Department of Health Psychology, University of Missouri, Columbia, Missouri, USA.
Department of Neurology, University of Texas - Austin, Austin, Texas, USA.
Dement Geriatr Cogn Disord. 2021;50(3):231-236. doi: 10.1159/000516413. Epub 2021 Jun 29.
Our understanding of Alzheimer's disease may be improved by harmonizing data from large cohort studies of older adults. Differences in the way clinical conditions, like mild cognitive impairment (MCI), are diagnosed may lead to variability among participants that share the same diagnostic label. This variability presents a challenge for cohort harmonization and may lead to inconsistency in research findings. Little research to date has explored the equivalence of the diagnostic label of MCI across 2 of the largest and most influential cohort studies in the USA: the National Alzheimer's Coordinating Center (NACC) and the Alzheimer's Disease Neuroimaging Initiative (ADNI).
Participants with MCI due to presumed Alzheimer's disease from the NACC Uniform Data Set (n = 789) and ADNI (n = 131) were compared on demographic, psychological, and functional variables, as well as on an abbreviated neuropsychological battery common to the 2 data sets.
Though similar in terms of age, education, and functional status, the NACC sample was more diverse (17.4% non-White participants vs. 7.6% in ADNI; χ2 = 7.923, p = 0.005) and tended to perform worse on some cognitive tests. In particular, participants diagnosed with MCI in NACC were more likely to have clinically significant impairments on language measures (26.36-31.18%) than MCI participants in ADNI (16.03-19.85%).
The current findings suggest important differences in cognitive performances between 2 large MCI cohorts, likely reflective of differences in diagnostic criteria used in these 2 studies, as well as differences in sample compositions.
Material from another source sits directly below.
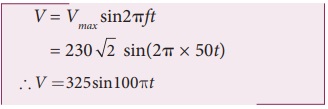 230 VRMS மதிப்பும் 50 Hz அதிர்வெண்ணும் கொண்ட மாறுதிசை மின்னழுத்த

Such diagnostic heterogeneity may make harmonizing data across these cohorts challenging. However, application of shared psychometric criteria across studies may lead to closer equivalence of MCI groups. Such approaches could pave the way for cohort harmonization and enable "big data" analytic approaches to understanding Alzhei-mer's to be developed.
通过协调老年人大型队列研究的数据,我们对阿尔茨海默病的认识可能会得到提高。轻度认知障碍(MCI)等临床病症的诊断方式的差异可能导致具有相同诊断标签的参与者之间存在差异。这种变异性给队列协调带来了挑战,并可能导致研究结果不一致。迄今为止,很少有研究探讨美国最大和最有影响力的两项队列研究(国家阿尔茨海默病协调中心[NACC]和阿尔茨海默病神经影像学倡议[ADNI])中 MCI 诊断标签的等效性。
将 NACC 统一数据集(n = 789)和 ADNI(n = 131)中因疑似阿尔茨海默病而患有 MCI 的参与者在人口统计学、心理学和功能变量方面进行比较,以及在两个数据集共有的简短神经心理学测试中进行比较。
尽管 NACC 样本在年龄、教育和功能状态方面相似,但更具多样性(17.4%的非白人参与者,而 ADNI 为 7.6%;χ2 = 7.923,p = 0.005),并且在某些认知测试中表现更差。特别是,在 NACC 中诊断为 MCI 的参与者在语言测试中(26.36-31.18%)更有可能出现临床显著的损伤,而 ADNI 中的 MCI 参与者(16.03-19.85%)则较少。
目前的研究结果表明,两个大型 MCI 队列之间的认知表现存在重要差异,这可能反映了这两项研究中使用的诊断标准以及样本组成的差异。这种诊断异质性可能使这些队列的数据协调具有挑战性。然而,在研究中应用共同的心理测量标准可能会使 MCI 组更加等效。这些方法可以为队列协调铺平道路,并使理解阿尔茨海默病的“大数据”分析方法得以发展。